▶ **WHAT YOU SHOULD DO**
Search the records below for "with"; copy each line that has it.

▶ **DATA IN THIS EXERCISE**
·····
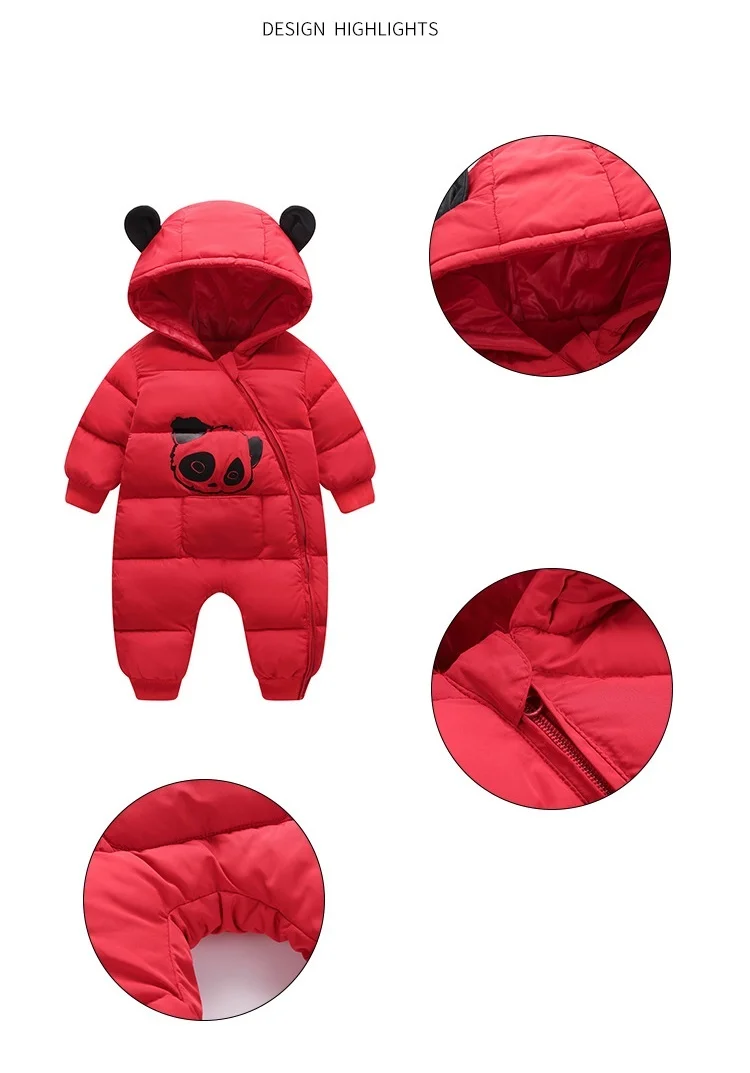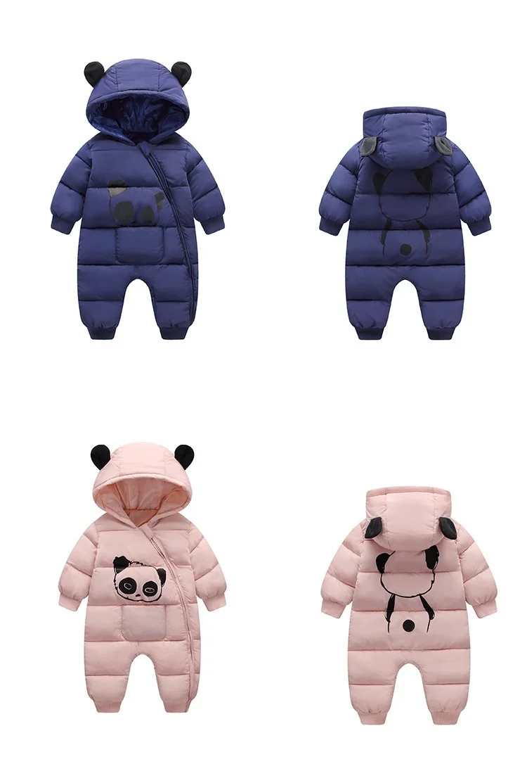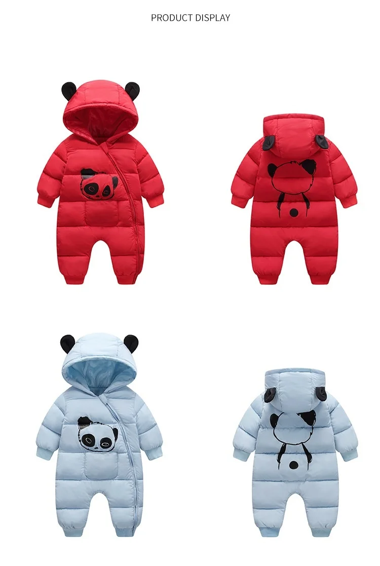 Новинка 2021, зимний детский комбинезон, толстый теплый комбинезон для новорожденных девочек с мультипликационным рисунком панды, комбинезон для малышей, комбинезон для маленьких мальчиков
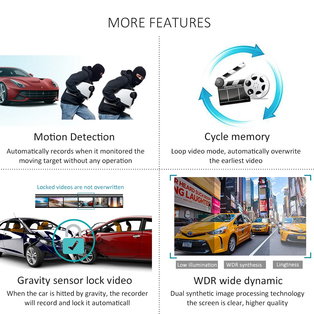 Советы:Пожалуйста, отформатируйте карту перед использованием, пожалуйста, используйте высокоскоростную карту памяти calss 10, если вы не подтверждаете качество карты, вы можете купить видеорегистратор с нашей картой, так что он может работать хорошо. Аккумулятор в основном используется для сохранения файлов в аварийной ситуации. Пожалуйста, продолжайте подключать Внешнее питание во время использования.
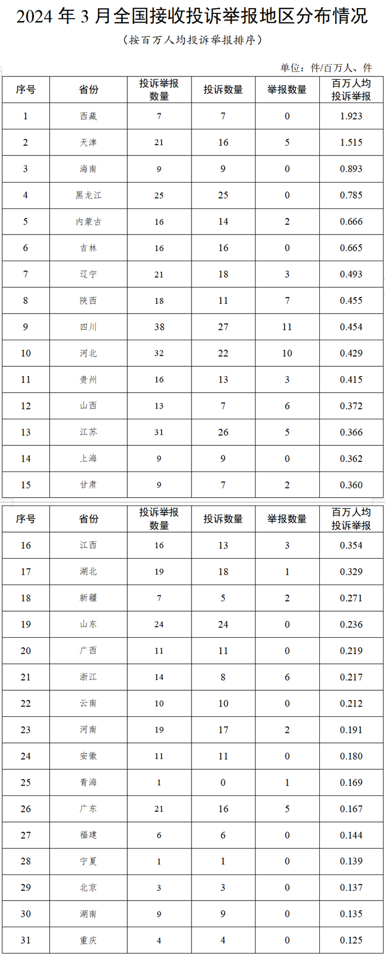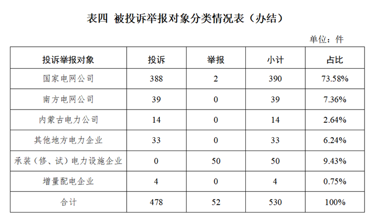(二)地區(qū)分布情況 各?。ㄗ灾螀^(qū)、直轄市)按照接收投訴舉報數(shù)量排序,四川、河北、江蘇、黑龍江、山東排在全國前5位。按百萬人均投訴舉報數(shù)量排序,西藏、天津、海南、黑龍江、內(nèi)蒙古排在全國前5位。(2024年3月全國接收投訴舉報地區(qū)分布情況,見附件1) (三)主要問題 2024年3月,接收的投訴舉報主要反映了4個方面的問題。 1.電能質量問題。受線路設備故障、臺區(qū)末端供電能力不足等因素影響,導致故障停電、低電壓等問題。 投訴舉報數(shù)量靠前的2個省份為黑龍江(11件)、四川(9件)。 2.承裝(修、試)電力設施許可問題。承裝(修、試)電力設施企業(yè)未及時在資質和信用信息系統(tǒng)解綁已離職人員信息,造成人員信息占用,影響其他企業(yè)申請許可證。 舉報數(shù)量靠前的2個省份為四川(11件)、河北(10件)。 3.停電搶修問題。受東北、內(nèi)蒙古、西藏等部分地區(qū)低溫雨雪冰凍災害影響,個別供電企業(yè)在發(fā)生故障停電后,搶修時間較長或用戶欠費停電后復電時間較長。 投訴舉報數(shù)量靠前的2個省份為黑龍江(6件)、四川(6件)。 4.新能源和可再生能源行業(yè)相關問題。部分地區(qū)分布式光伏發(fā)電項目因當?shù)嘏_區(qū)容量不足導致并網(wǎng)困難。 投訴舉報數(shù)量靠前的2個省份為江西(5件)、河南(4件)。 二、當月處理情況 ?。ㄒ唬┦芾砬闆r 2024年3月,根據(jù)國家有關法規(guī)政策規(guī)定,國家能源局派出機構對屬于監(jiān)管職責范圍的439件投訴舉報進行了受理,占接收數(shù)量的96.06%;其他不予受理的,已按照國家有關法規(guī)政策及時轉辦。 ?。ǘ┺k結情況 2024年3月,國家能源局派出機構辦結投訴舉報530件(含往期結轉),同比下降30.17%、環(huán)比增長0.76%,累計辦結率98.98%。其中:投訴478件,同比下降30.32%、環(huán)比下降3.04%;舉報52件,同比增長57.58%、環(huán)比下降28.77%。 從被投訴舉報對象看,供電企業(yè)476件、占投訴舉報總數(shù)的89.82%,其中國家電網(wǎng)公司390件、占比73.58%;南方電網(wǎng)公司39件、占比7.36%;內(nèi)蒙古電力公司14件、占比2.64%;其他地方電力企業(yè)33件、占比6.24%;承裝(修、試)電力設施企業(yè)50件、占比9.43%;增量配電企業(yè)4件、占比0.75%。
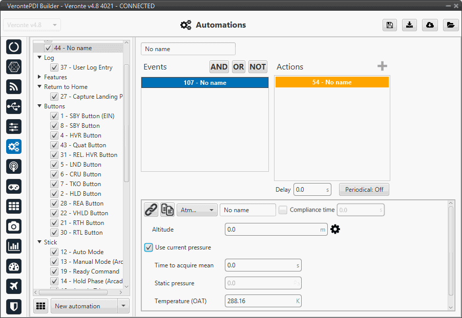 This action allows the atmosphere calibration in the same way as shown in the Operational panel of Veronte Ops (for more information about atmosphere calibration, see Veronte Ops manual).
·····
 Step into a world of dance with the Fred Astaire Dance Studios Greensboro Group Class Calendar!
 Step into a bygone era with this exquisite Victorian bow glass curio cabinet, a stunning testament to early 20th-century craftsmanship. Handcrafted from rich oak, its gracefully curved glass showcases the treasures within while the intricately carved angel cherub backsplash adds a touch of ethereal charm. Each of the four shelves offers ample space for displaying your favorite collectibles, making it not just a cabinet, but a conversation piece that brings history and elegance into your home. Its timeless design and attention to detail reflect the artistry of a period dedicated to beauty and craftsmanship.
·····
▶ **OUTPUT OF THE TASK**
 Step into a world of dance with the Fred Astaire Dance Studios Greensboro Group Class Calendar!
 Step into a bygone era with this exquisite Victorian bow glass curio cabinet, a stunning testament to early 20th-century craftsmanship. Handcrafted from rich oak, its gracefully curved glass showcases the treasures within while the intricately carved angel cherub backsplash adds a touch of ethereal charm. Each of the four shelves offers ample space for displaying your favorite collectibles, making it not just a cabinet, but a conversation piece that brings history and elegance into your home. Its timeless design and attention to detail reflect the artistry of a period dedicated to beauty and craftsmanship.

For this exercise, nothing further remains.